● **WHAT THIS TASK INVOLVES**
In the entries, find all lines that hold the word "standing" and copy them.

● **MATERIAL SUPPLIED**
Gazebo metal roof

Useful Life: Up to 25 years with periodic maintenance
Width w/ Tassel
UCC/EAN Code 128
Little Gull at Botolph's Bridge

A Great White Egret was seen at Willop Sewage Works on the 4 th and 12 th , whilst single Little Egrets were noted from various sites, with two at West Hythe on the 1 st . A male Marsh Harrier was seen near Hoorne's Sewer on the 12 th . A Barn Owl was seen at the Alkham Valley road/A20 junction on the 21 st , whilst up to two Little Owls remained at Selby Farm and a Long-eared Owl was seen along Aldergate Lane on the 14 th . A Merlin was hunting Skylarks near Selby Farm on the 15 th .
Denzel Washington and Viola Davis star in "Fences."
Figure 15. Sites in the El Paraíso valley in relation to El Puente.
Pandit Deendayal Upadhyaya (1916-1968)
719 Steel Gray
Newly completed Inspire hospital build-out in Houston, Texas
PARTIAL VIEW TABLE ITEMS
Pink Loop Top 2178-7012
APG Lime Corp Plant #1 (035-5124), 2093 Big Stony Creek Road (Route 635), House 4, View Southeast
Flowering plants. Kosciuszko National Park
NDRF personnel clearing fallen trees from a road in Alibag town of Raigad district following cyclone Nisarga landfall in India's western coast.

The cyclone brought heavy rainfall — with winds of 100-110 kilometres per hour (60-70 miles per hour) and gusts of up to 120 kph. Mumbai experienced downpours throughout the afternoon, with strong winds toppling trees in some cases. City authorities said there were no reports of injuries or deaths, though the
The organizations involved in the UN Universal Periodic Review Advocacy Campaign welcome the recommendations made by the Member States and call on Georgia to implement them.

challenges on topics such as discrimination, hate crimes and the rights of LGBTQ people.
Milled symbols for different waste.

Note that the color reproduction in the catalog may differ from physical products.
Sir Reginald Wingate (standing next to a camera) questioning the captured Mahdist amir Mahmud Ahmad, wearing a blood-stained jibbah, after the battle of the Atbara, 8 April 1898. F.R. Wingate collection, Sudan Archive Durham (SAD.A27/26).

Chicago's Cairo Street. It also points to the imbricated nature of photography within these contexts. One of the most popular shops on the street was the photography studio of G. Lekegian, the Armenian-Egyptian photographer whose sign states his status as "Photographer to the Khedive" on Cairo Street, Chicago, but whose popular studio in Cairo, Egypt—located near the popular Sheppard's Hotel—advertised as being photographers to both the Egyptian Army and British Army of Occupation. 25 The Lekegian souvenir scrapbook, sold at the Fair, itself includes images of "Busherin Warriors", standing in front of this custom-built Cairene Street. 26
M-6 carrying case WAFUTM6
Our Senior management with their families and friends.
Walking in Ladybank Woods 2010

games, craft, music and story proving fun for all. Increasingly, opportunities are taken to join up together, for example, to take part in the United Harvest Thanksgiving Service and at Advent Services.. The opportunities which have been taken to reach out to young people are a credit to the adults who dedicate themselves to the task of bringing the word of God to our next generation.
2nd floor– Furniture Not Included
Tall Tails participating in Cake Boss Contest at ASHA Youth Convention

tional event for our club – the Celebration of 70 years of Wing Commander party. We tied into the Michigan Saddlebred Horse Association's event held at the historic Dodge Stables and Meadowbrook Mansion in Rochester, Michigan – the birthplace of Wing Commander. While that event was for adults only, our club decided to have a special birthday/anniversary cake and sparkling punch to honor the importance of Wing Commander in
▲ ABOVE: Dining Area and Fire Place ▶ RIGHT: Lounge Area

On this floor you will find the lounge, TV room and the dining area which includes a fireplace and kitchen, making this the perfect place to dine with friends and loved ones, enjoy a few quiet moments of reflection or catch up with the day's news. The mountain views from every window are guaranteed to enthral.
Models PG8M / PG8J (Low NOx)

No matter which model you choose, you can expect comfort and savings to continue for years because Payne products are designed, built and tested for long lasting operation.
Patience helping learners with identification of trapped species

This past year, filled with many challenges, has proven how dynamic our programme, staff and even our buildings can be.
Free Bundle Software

● **RESPONSE BELOW**
Sir Reginald Wingate (standing next to a camera) questioning the captured Mahdist amir Mahmud Ahmad, wearing a blood-stained jibbah, after the battle of the Atbara, 8 April 1898. F.R. Wingate collection, Sudan Archive Durham (SAD.A27/26).
Chicago's Cairo Street. It also points to the imbricated nature of photography within these contexts. One of the most popular shops on the street was the photography studio of G. Lekegian, the Armenian-Egyptian photographer whose sign states his status as "Photographer to the Khedive" on Cairo Street, Chicago, but whose popular studio in Cairo, Egypt—located near the popular Sheppard's Hotel—advertised as being photographers to both the Egyptian Army and British Army of Occupation. 25 The Lekegian souvenir scrapbook, sold at the Fair, itself includes images of "Busherin Warriors", standing in front of this custom-built Cairene Street. 26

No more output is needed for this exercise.